→ **Exercise**
Pictures stay out of the copy; output exactly the lines from the one containing "This side chair" through the end of the material.
==== Data excerpt ====
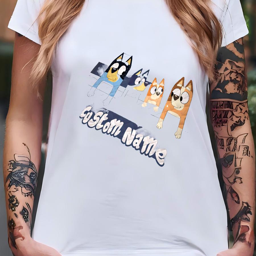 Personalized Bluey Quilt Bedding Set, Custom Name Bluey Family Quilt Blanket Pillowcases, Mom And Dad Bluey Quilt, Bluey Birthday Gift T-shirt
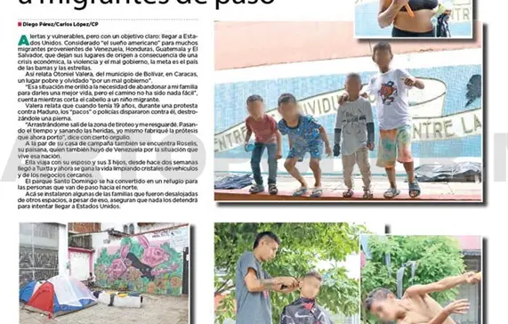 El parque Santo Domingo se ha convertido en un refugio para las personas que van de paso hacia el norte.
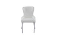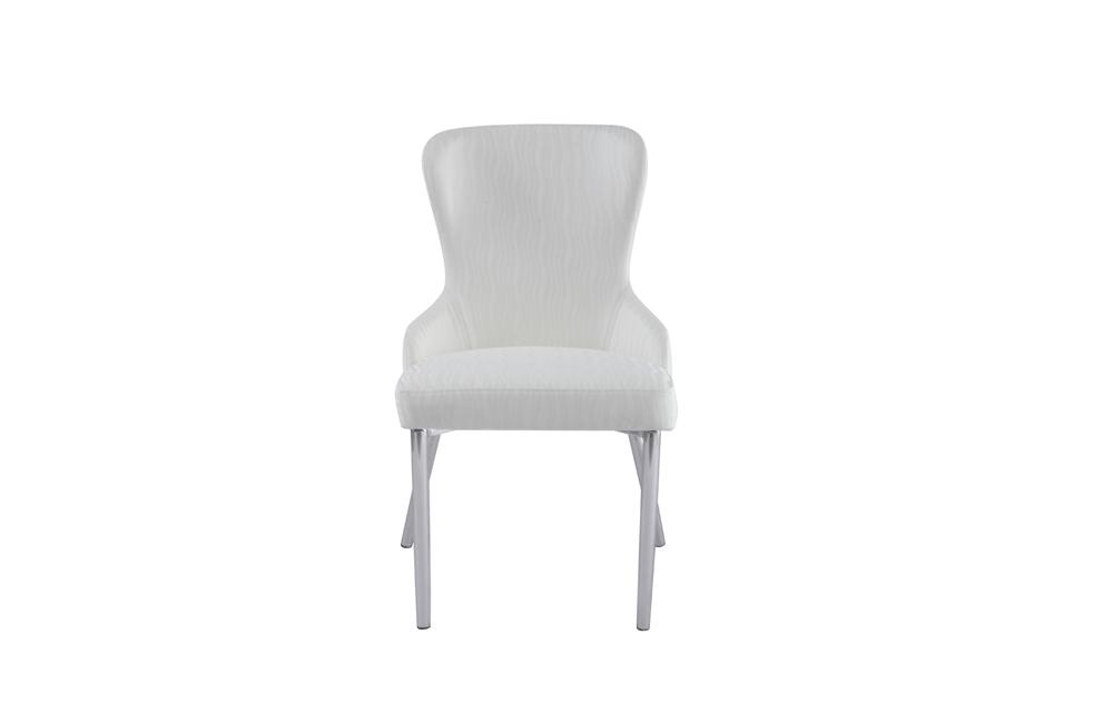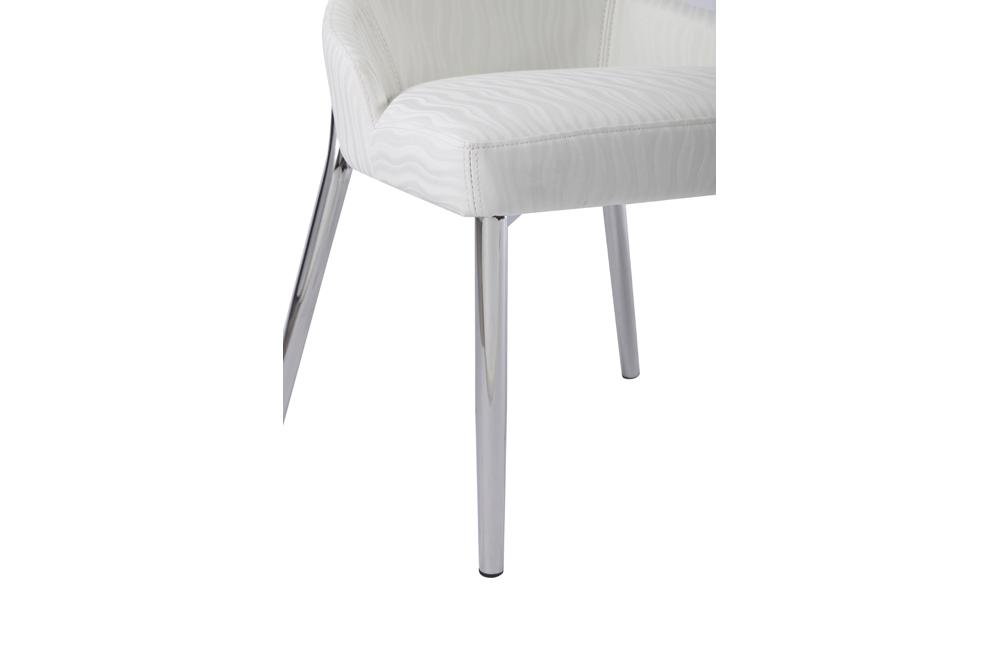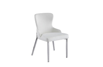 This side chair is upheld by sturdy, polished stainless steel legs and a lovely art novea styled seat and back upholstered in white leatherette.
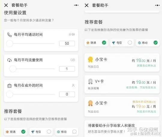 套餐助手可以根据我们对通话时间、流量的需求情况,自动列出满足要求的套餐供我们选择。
====
→ **Written response**
 This side chair is upheld by sturdy, polished stainless steel legs and a lovely art novea styled seat and back upholstered in white leatherette.
 套餐助手可以根据我们对通话时间、流量的需求情况,自动列出满足要求的套餐供我们选择。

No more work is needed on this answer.